Use Transcriptor Reverse Transcriptase for synthesis of cDNA from total RNA or mRNA for:
  • Two-step RT-PCR applications using conventional thermal cyclers or real-time PCR instruments
  • RT-PCR for detection of viral RNA
  • TMA and NASBA nucleic acid amplification methods
  • Synthesis of full-length cDNA up to 14 kb for libraries or cloning
  • Rapid amplification of cDNA end (RACE)
Transcriptor Reverse Transcriptase offers higher thermostability compared to the native forms of AMV or M-MLV reverse transcriptase, allowing higher temperatures for reverse transcription, achieving high performance with GC-rich RNA fragments and difficult secondary structures.
Enzyme activities: RNA-dependent DNA polymerase, DNA-dependent DNA polymerase, unwinding activity, RNase H (degrading RNA in RNA:DNA hybrids)

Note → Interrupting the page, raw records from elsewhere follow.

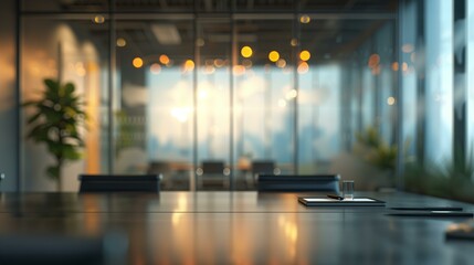 Abstract blurred background of a modern office interior, a bright and clean empty corporate workspace with contemporary design
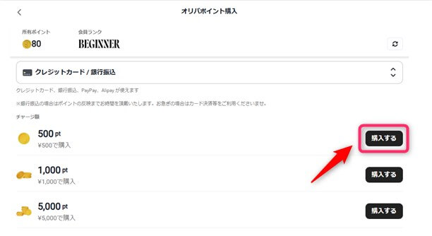 購入したいオリパポイントを選び、「購入する」をタップします。
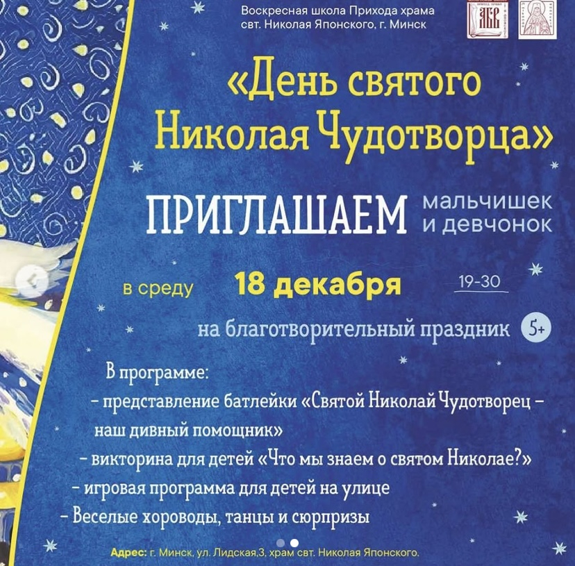 | | 13 ДЕКАБРЯ 2024 (Пятница) 14:12:13 18 декабря приход святителя Николая Японского города Минска приглашает мальчишек и девчонок от 5 лет на благотворительный праздник "День святого Николая Чудотворца".
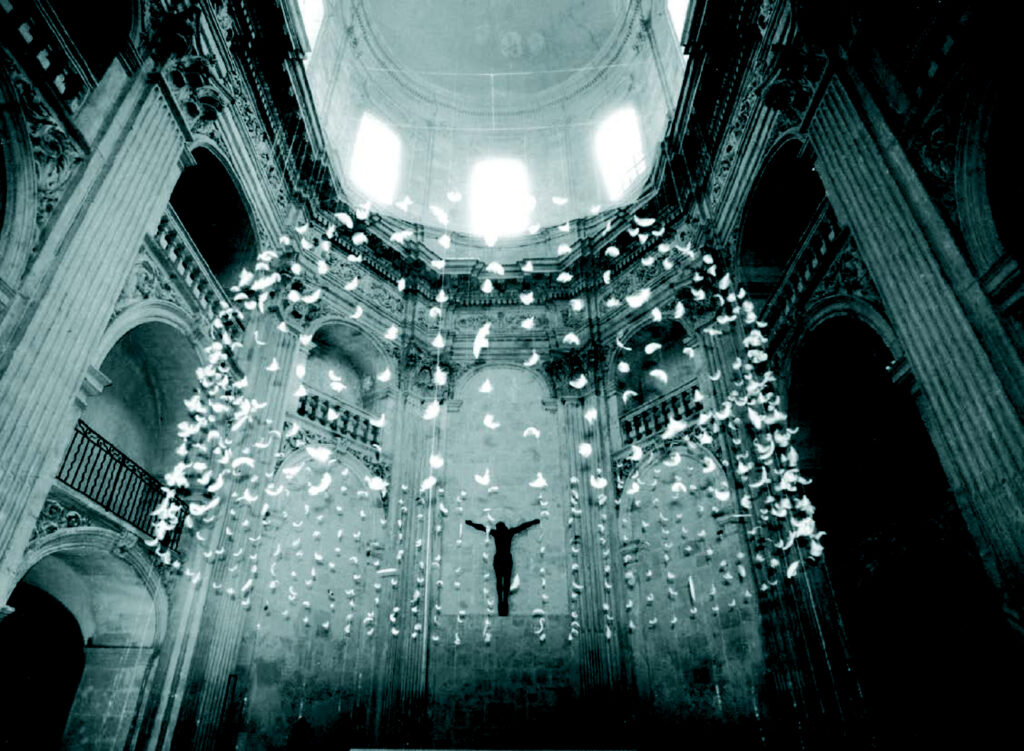plumes d’aigle des USA, fils, cire, diamètre 300 cm, hauteur 130 cm Chapelle du Sacré-Cœurà Aix-en-Provence

Recommended reaction temperature: +42 to +65°C
Substrates: Incorporates dNTP, ddNTP, dUPT, various labeled or modified nucleotides
Divalent ion requirement: Mg2+
Appearance: Clear, colorless solution
Storage buffer: Potassium phosphate, 200 mmol/L; DTT, 2 mmol/L; Triton X-100, 0.2% (v/v); glycerol, 50% (v/v), pH approximately 7.2
Volume activity: ≥20 U/μL
Specific activity: ≥50 kU/mg protein
Unit definition: One unit Transcriptor Reverse Transcriptase is defined as the amount of enzyme which incorporates 1 nmol of [3H]TMP into an acid insoluble product in 10 minutes at +37°C with poly(A)x(dT)15 as substrate.
Purity (SDS PAGE): ≥90%
Unspecific endonucleases (MWM III DNA): Not detectable in up to 25 U after 16 hours incubation at +37°C.
Nicking activity (pBR322 DNA): Not detectable in up to 25 U after 16 hours incubation at +37°C.

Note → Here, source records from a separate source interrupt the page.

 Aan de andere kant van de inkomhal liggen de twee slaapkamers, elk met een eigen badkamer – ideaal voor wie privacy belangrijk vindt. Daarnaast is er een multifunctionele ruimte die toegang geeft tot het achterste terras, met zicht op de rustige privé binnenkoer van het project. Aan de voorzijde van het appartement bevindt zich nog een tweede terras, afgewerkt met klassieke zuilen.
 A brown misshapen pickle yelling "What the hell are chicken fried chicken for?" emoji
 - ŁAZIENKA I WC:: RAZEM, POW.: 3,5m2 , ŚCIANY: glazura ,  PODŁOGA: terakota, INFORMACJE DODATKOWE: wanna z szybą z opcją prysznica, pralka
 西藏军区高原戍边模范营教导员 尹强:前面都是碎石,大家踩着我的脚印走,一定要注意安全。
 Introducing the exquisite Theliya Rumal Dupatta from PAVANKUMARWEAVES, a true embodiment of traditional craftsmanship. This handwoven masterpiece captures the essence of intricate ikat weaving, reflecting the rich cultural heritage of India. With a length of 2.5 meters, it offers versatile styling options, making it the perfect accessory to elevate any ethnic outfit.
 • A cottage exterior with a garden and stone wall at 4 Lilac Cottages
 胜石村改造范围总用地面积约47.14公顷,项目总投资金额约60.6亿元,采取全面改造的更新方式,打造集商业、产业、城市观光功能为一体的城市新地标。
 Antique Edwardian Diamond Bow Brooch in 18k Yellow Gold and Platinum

Ribonucleases (MS2 RNA): Not detectable in up to 40 U after 4 hours incubation at +37°C.
Function test in RT-PCR (human skeletal muscle total RNA, 10 kb dystrophin gene fragment): Corresponds to reference
Function test in real-time RT-qPCR using the LightCycler® instrument (PBGD gene fragment from RNA standards): Corresponds to reference
Animal-derived additives: None
Stability: At -15 to -25°C within specification range for 12 months.